Die Erfindung betrifft makromolekulare Strukturen zum Transport von cytotoxisch wirksamen Ionen, Verfahren zu deren Herstellung, Arzneimittel, enthaltend diese Strukturen, sowie die Verwendung dieser Strukturen in verschiedenen ausgewählten Indikationen, gekennzeichnet dadruch, dass die makromolekulare Struktur ein Peptid umfasst, das mindestens einen zur spezifischen Interaktion mit dem Ziel, einen zur Oligomerisierung und einen zur Bindung einer beim Kontakt mit dem Ziel cytotoxischen Komponente befähigten Abschnitt umfasst.

Description

  • Die Erfindung betrifft makromolekulare Strukturen zum Transport von cytotoxisch wirksamen Ionen, Verfahren zu deren Herstellung, Arzneimittel enthaltend diese Strukturen sowie die Verwendung dieser Strukturen in verschiedenen ausgewählten Indikationen, gekennzeichnet dadurch, dass die makromolekulare Struktur ein Peptid umfasst, das mindestens einen zur spezifischen Interaktion mit dem Ziel, einen zur Oligomerisierung und einen zur Bindung einer beim Kontakt mit dem Ziel cytotoxischen Komponente befähigten Abschnitt umfasst.

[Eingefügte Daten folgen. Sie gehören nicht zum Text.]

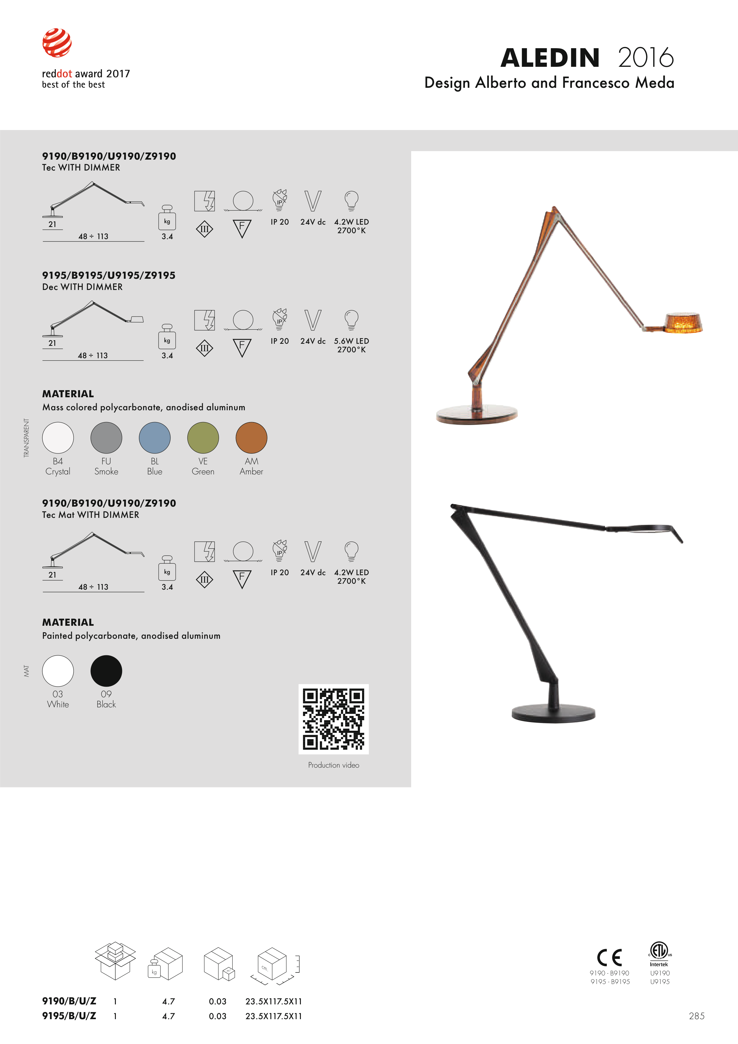 Painted polycarbonate, anodised aluminum

  • Ein Hauptziel der pharmazeutischen Forschung ist es gegenwärtig, die gewünschten Effekte bekannter Wirkstoffe zu verstärken und die systemischen Nebenwirkungen zu minimieren, was insbesondere bei Substanzen mit hoher intrinsischer und damit unvermeidlicher Toxizität (z. B. Cytostatika) von großer Bedeutung ist. Dies kann sowohl über die Verringerung der für die therapeutische Wirkung benötigten Gesamtdosis als auch über die Ansammlung der Wirkstoffe am gewünschten Wirkort erreicht werden, was beides durch die kontrollierte, räumlich spezifische Freisetzung von Wirkstoffmolekülen im weitesten Sinn (Proteinen, Peptiden, Nukleinsäuren oder niedermolekularen Substanzen) am gewünschten Zielort – d. h. in einem Zielgewebe oder in einzelnen Zielzellen – bewerkstelligt werden kann. Darunter ist insbesondere der spezifische Transfer von therapeutisch oder diagnostisch nutzbaren Substanzen in definierte, insbesondere strukturell definierte biologische Ziele («drug delivery» oder «drug targeting») zu verstehen, der ein wichtiges Ziel der gegenwärtigen pharmazeutischen Forschung ist.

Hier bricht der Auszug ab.